Q: Not so long ago, Alec Baldwin called his teen daughter names in a horrifying phone call heard around the world. Now he's co-hosting the Oscars ceremony. Was the decision to spotlight Baldwin a wise one? And after a public figure embarrasses himself or herself so profoundly, how do they regain their footing? Who has managed to overcome such shame, and who has failed to?

F. Scott Fitzgerald was wrong. He said there were no second acts in American lives. We're all about second acts.

There's nothing we love more than an underdog unless it's a comeback. Indeed, the second act is so firmly established that we are all now very sophisticated at parsing each step of the way, from the initial apology (points taken off for passive voice, subsequent revelations not covered by the initial statement, or for blaming substance abuse or trauma) to the gantlet of talk shows and magazine covers.

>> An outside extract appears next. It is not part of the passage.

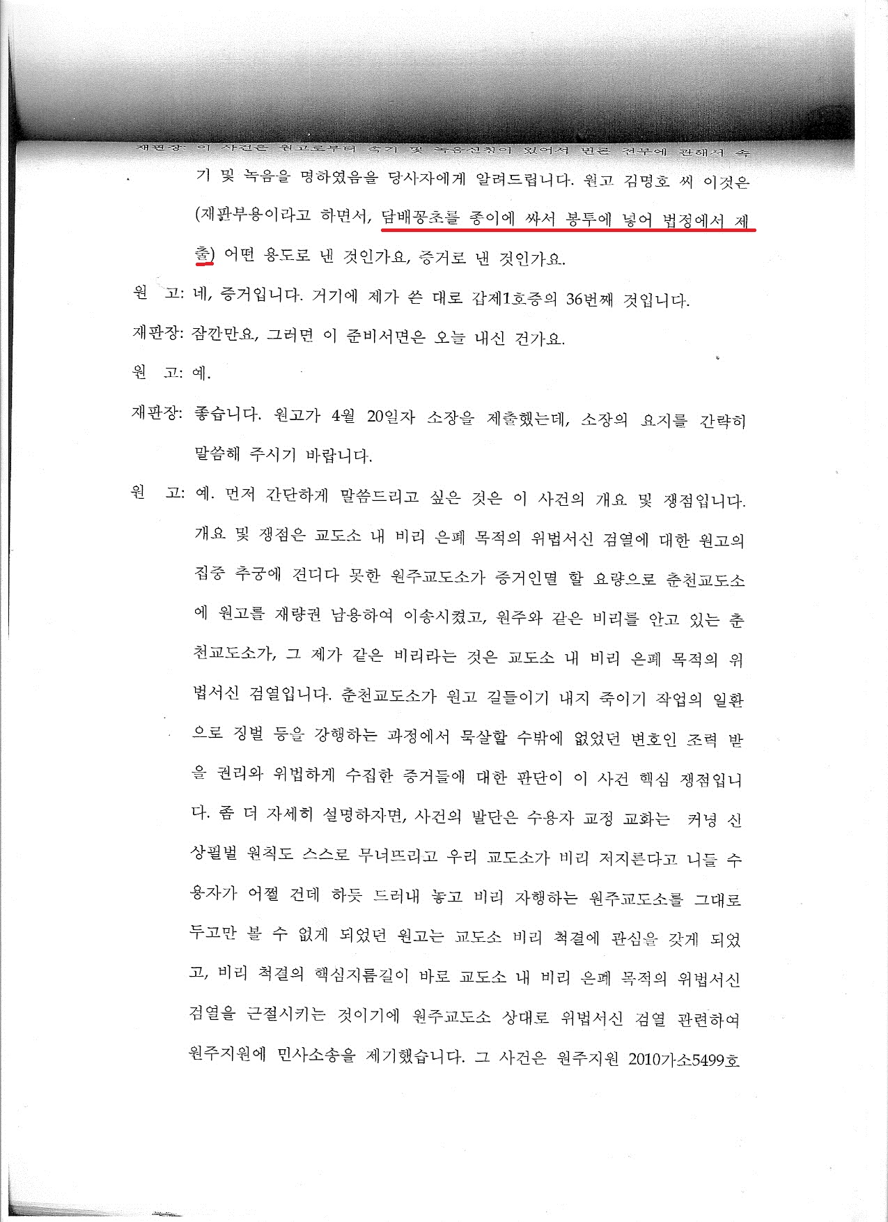 서신에 대한 국가인권위 결정문도 묵살하고 원주교도소의 위법한 담배 반입 은폐한 재판테러

And many people have come back from far worse than Baldwin did. Look at Marion Barry. He's back in trouble again and I would not put it past him to have yet another comeback. Marv Albert is back on the air. Don Imus is back on the air. Eliot Spitzer is invited to comment on news stories and Rod Blagojevich is competing to become the apprentice for another guy who has had some ups and downs, Donald Trump.

Reality shows let us see celebrities in rehab and losing weight. Angelina Jolie has gone from an out-of-control wild child to a respected advocate for the world's children. Part of this is because we love a comeback, though some of it is because we have misplaced the line between someone who is a celebrity and someone who has actually achieved something. I'm not willing to say that Blagojevich has made a comeback. I'd put him in the category of being in denial about how close he is to going away for good.

Baldwin lost his temper at his teen-age daughter. This is something most of us can understand as parents or as former teens. There isn't anyone out there who didn't feel relieved, in reading about Baldwin, that our phone messages and emails are not of sufficiently widespread interest to be made public.

But he had much more to come back from than an embarrassing angry voicemail. He was a one-time leading man whose age and weight had taken him out of consideration for top roles. He made bad career choices and bad life choices. But his experience shows us that patience, talent, persistence and the right kind of pride paid off, as he is now more respected professionally than ever.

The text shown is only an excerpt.